Frank Gotch, Pro Wrestling Hero
Frank Alvin Gotch was born in 1878 to a farmer in Iowa. When he was a teen-ager, Gotch took up the sport of wrestling and wrestled in a sport that was largely legitimate then. In his first professional match, he wrestled against a man named Dan McLeod in Lu Verne Iowa in 1899.McLeod was a former American Heavyweight Champion. He lost the match but it took him almost two hours to do so. In December of that year, Gotch took on another former American Heavyweight Champion in “Farmer” Martin Burns. However, this match was not a marathon match as Gotch lost in eleven minutes. Burns was very impressed with Gotch and took him under his wing to train him. While he was under the tutelage of Burns, Gotch began to win his matches in Iowa and then later, in Alaska. He wrestled in the mining camps of Alaska and wrestled under the name of Frank Kennedy. It was there he had won his first title; the title of “Champion of the Klondike”.

In 1904, Gotch defeated the American Heavyweight champion, Tom Jenkins to capture the title. This was a rematch as Gotch had lost in their first meeting. He traded the title with Jenkins and another wrestler named Frank Beel. Shortly after that, Gotch wanted the World Championship currently held by the undefeated George Hackenschmidt. Hackenschmidt was favored to win the match but after two hours, the champion submitted to Gotch with an ankle lock. However, this match was shrouded in controversy. It was said that Gotch had resorted to illegal tactics to win his match. It was said that he oiled up his body so Hackenschmidt could not apply his famed bear hug. It was also said that Gotch rubbed oil in the champ’s eyes and scratched and gouged them as well.

Gotch would spend the next three years establishing his dominance by wrestling and defeating the likes of Tom Jenkins, Benjamin Roller and Stanislaus Zbyszko (no relation to former wrestler Larry Zbyszko). Also before losing to Gotch, Zbyszko had the claim to fame of winning over nine hundred matches. Gotch was a national sensation. He was starring in plays and received an invitation to the White House to meet President Theodore Roosevelt.

Then on September 4, 1911, at the newly opened Comisky Park in Chicago, in front of a record crowd of over 30,000 people and record gate proceeds of over $87,000, Gotch once again met George Hackenschmidt and once again, Gotch won in a shroud of controversy. Hackenschmidt injured his knee a couple of weeks earlier while training with a man named Ad Santel. The knee injury was so severe that Hackenschmidt almost withdrew from the match and only decided to go through with it because Gotch said that he had a neck injury. He fabricated the injury so Hackenschmidt would go through with the match. It was also later revealed that Gotch had paid Santel to make sure that Hackenschmidt would not be a hundred percent going into the match. Hackenschmidt agreed to let Gotch win the match which was a two out three falls event, providing that Gotch let Hackenschmidt win the first fall.
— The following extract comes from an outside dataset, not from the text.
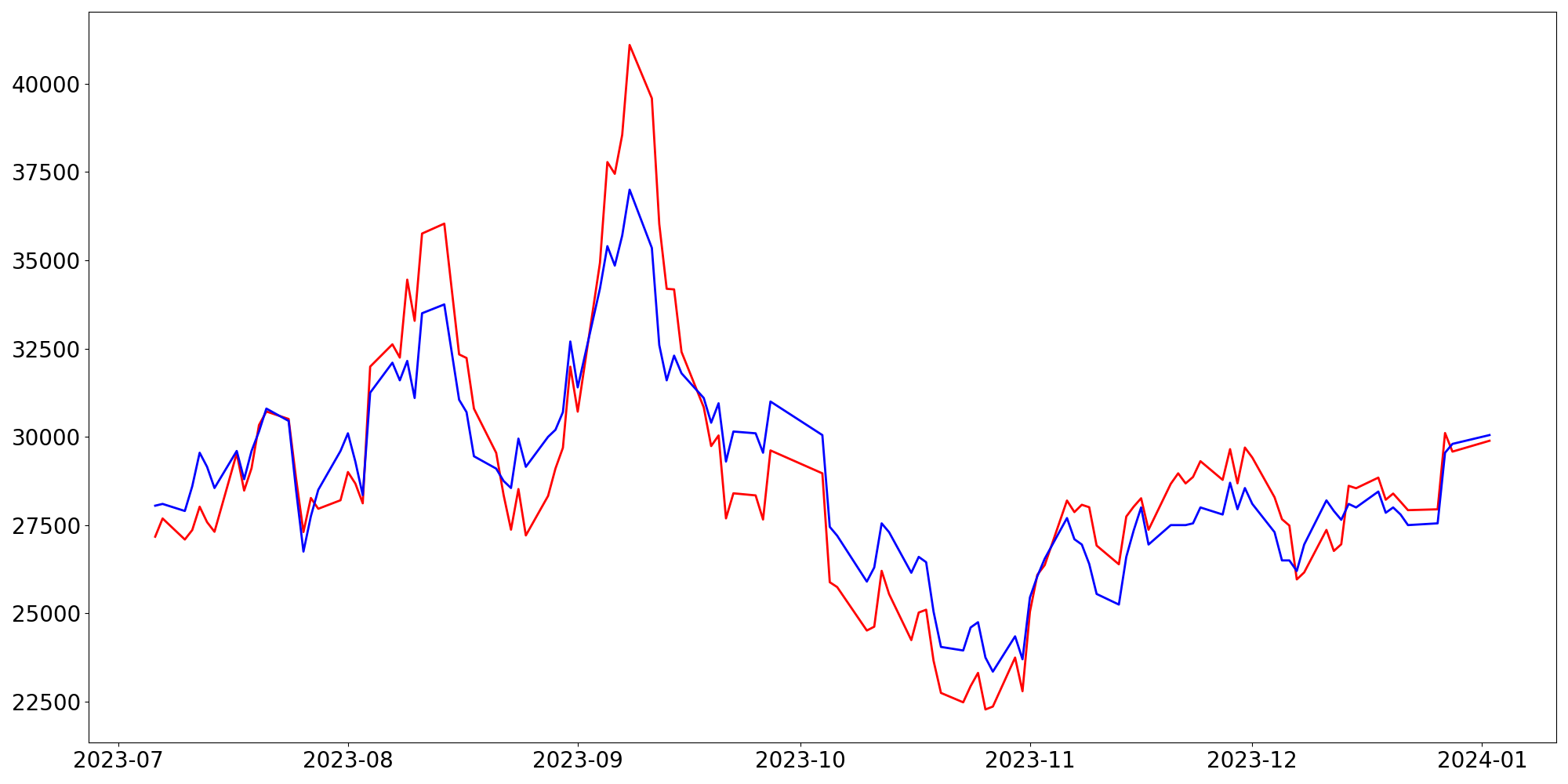 [ - : 실제값(종가) / - : 예측값(종가) ]

Gotch agreed but then double crossed Hackenschmidt and won the match in the first two falls.

Gotch would continue to be World Champion until 1913 when he lost to another Estonian named Georg Lurich. Frank Gotch is one of the longest reigning world champions in wrestling history, coming in second to only Bruno Sammartino. Sammartino was the WWWF World Champion for only five months longer than Gotch’s reign as World Champion. Gotch’s reign lasted for seven years and three months. During his retirement, Gotch joined the circus and challenged people to last for fifteen minutes in the ring with him without being pinned or conceding and that person would win $250.00. Gotch never had to pay up. In 1917, Gotch died of uremic poisoning at the age of 39. Three miles south of Humboldt, Iowa near his childhood farm home, is a park called the Frank A. Gotch County Park. Although he was a controversial wrestler, he was the Hulk Hogan of his time and was loved and respected by many people and actually brought professional into the mainstream back then. He was a true pioneer of the sport and a true wrestling hero.